随着上世的梨子品种越来越多,金花梨、丰水梨、翠冠梨、香梨,加上桔子、苹果、香蕉等各式各样的水果充盈着家里的果盘,老屋的梨子就逐渐淡出了大家的生活。
梨熟季节,每次聚会散去,婆婆仍会让我们摘梨。但大家都心照不宣笑笑后,谁也不行动。婆婆没办法,只好自己弯下腰身在梨树下奔忙——捡梨子来喂鸡鸭。可梨子实在太多,鸡鸭也消灭不完。面对满地烂梨,婆婆毫无办法,只能摇头叹息任由其腐烂化为泥土……
流光如逝。老屋前后,梨树仍一年年开花,一年年结果,一年年成熟,又一年年掉落。后来,公婆相继去世,加上翻修房屋,梨树枯的枯,萎的萎,改种橘树又砍了些,最后就只剩下了路旁的两株。
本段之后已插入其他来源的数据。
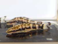 | 今回の個体はビッグです!2匹 | 体の中心を走る太いこげ茶色のラインが特徴。2匹 | これは一体なんでしょう?ごま塩模様と丸い目がとってもキュート。限定1匹、早い者勝ち! | 迫力満点、色もばっちりあがってます。2匹 |
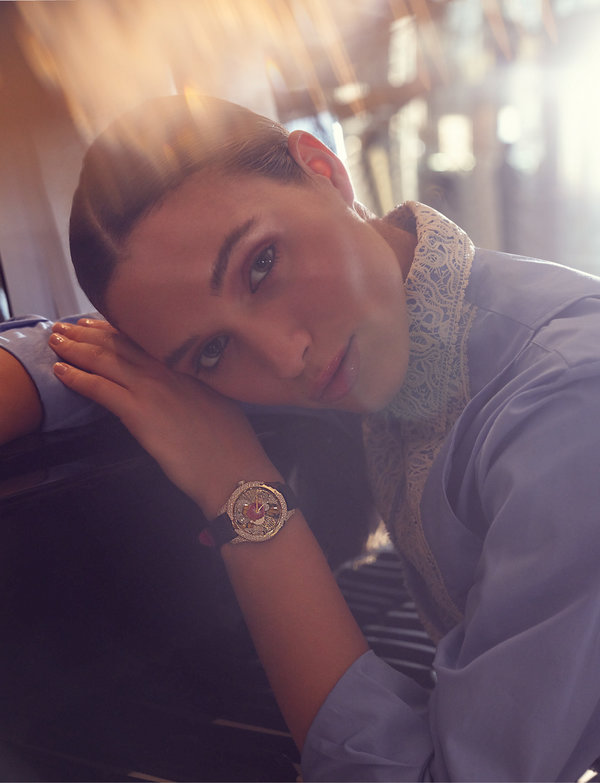 هذه الساعة مصنوعة من الذهب الأبيض ، الأوبال ، السافير ، الزمرد والألماس
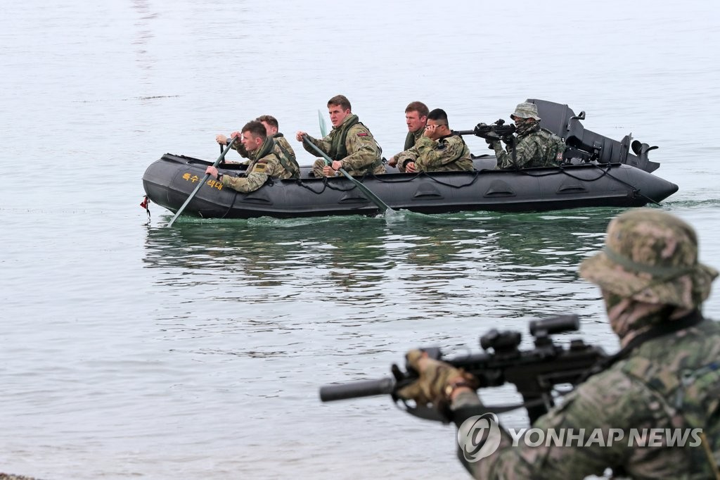 The exercise mobilized reconnaissance units from the South's 1st Marine Division and the U.S. Marine Corps, as well as troops from Britain's Royal Marines Commandos. It marked British troops' first participation in the exercise.
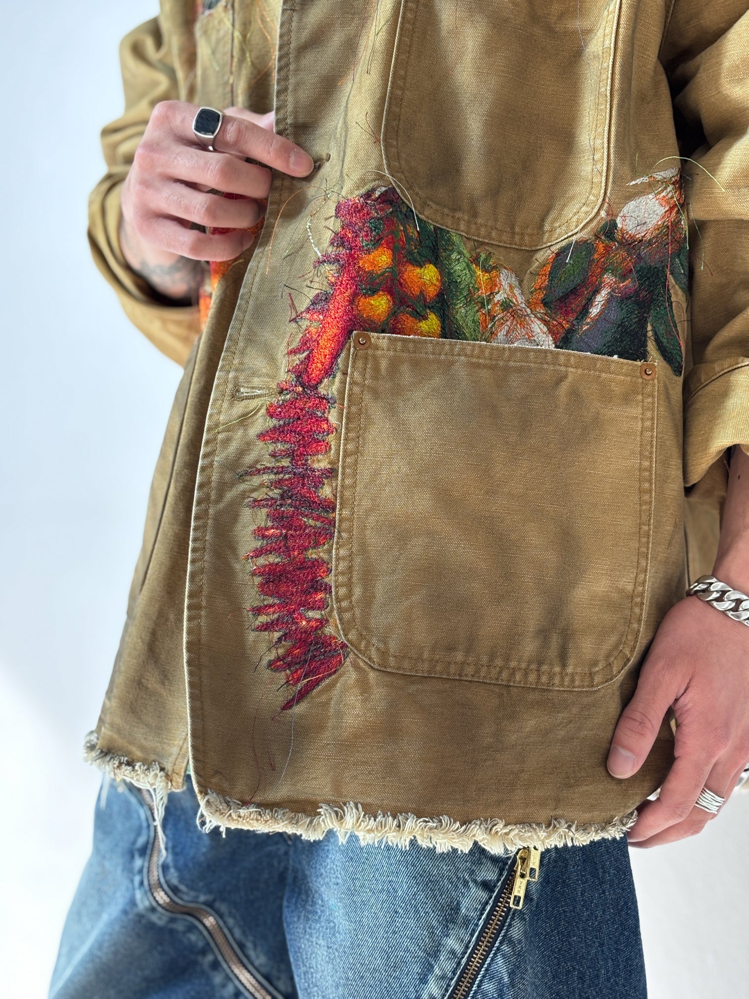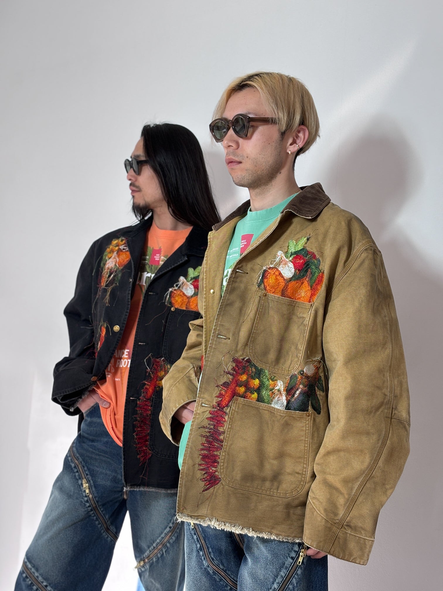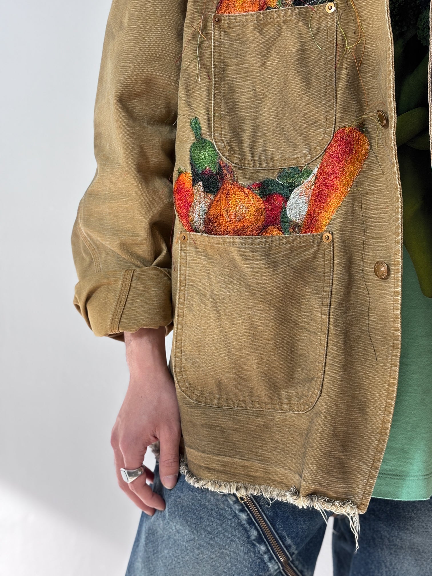 A WORK JACKET MADE FROM GARMENT-DYED AND WASHED DUCK FABRIC, FEATURING REALISTIC EMBROIDERY OF ONIONS, CARROTS, BELL PEPPERS, GARLIC, RED CHILI PEPPERS, AND EGGPLANTS. THE RUGGED SILHOUETTE RESEMBLES VINTAGE UTILITY WEAR, CONTRASTED BY THE COLORFUL VEGETABLES OVERFLOWING FROM THE POCKETS.

抬眸再望了一眼路旁的两株梨树。刹那间,竟有种时光被凝住的感觉。返身回到空落落的院坝,从车里抱出一束洁白的菊花朝旁边对面的山上走去。山上有一座坟。坟的方向,向着老屋,向着老屋旁两株相依相偎的老梨树。
清明又至。梨树上,梨花已落,青涩的梨儿挂满枝头。